The missionaries had taught them to wave — prolonged goodbyes were one of their accomplishments, but there were too many of them today and Maliki and Rainu were snivelling. And now Lorenzo, who was an educated man and should have known better, came forward with a gift for Harriet which he placed in her hand — and which made Rom turn on him angrily with a few low words in his own dialect.

‘Is there something wrong?’ asked Harriet, troubled, looking up from the tiny, perfectly carved wooden canoe with paddles the size of splintered matchsticks and an intricate pattern of blue and scarlet painted across its bows. ‘Should I not take it?’

Rom shook his head. ‘It’s all right.’ But as Harriet thanked Lorenzo, his sense of wretchedness increased. The gift was one traditionally given to ensure safety for those travelling far away across water — and Harriet wasn’t even going in the Amethyst, Lorenzo knew that perfectly well. What the devil had got into them all?

The car arrived. Furo got out and held open the door and Harriet turned to Rom. ‘Could you be so kind as to remember that I love you absolutely?’ she said quietly, almost matter-of-factly. ‘Could you be so kind as to remember that?’

He bent down then to kiss not her mouth, but her fingers, holding them in a strangely formal gesture to his lips.

‘Yes,’ he said. ‘I could remember that.
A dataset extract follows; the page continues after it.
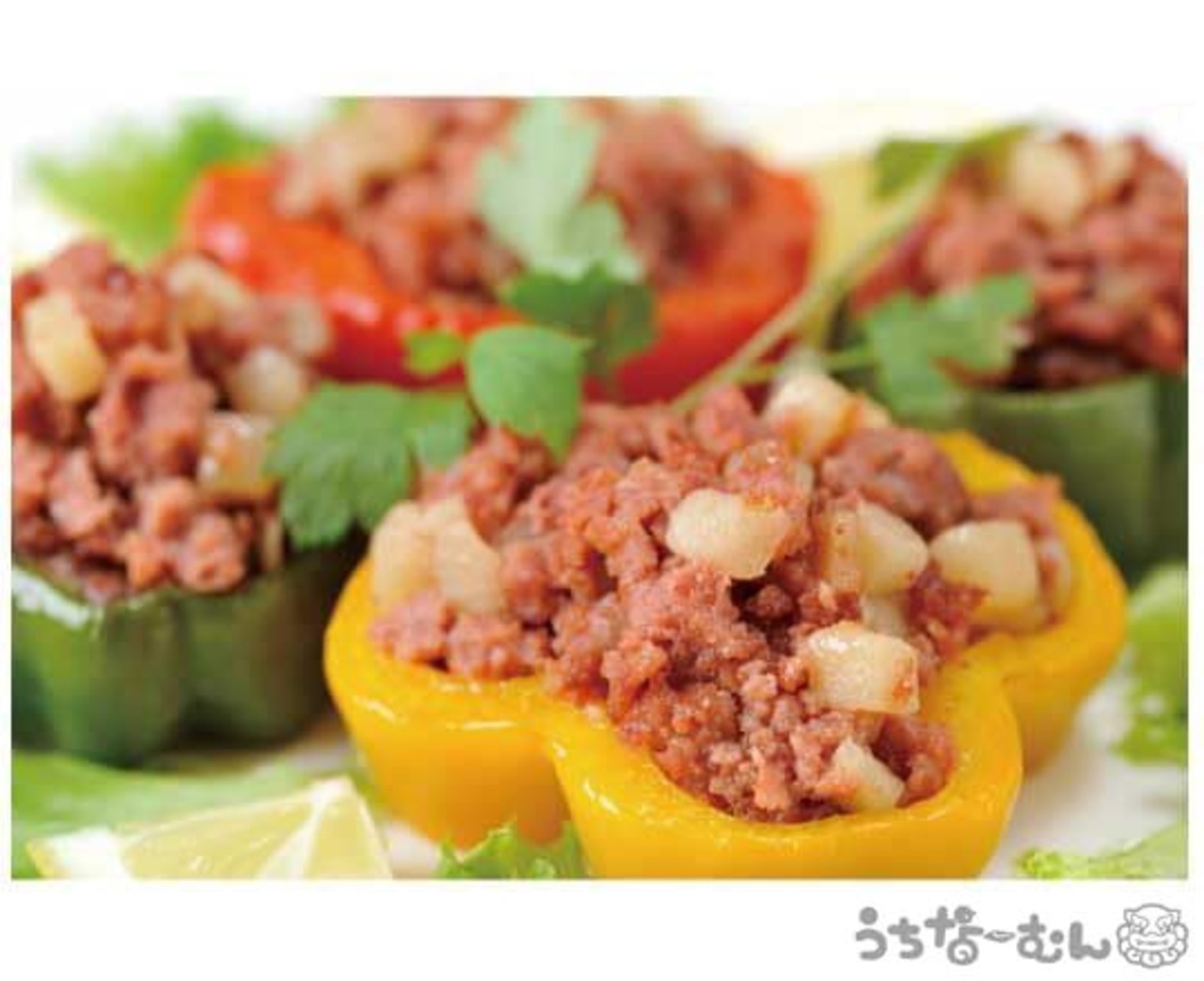 牛肉に味付けをし、ポテトとブレンドした商品です。 沖縄では、ゴーヤー・豆腐などのちゃんぷるーをはじめ、カレー、チャーハン、お味噌汁、炒め物、和え物等、幅広く利用されています。 季節の野菜と合わせて手軽かつ自由に調理できる万能食材なので、使い方次第でお料理のレパートリーがぐっと広がります。

Were I to forget it, Harriet, it would go very ill with me.’

Long after the car was out of sight and he had returned to the house, his Indians still stood on the steps, waving and waving and waving…

The theatre was dark and silent, the seats already shrouded. It would be a month before another company made its way to Manaus — a Cossack choir from Georgia.

Would they be the last? Harriet wondered, picking her way across the deserted stage. Was Rom right and would this marvellous and fantastical theatre be given over to the mice? Would bats hang from the chandeliers and moths devour the silken hangings? But if it was so — if Mrs Lehmann’s carriage horses had drunk their last champagne and the grandly dressed audience would no longer sweep across the great mosaic square — it had still been a splendid and worthwhile dream to build a theatre here in this place… and one day, surely, it would open its doors again, music would stream from the pit and men, perhaps still unborn, would wait with bated breath for the gold glimmer of the footlights that meant curtain rise.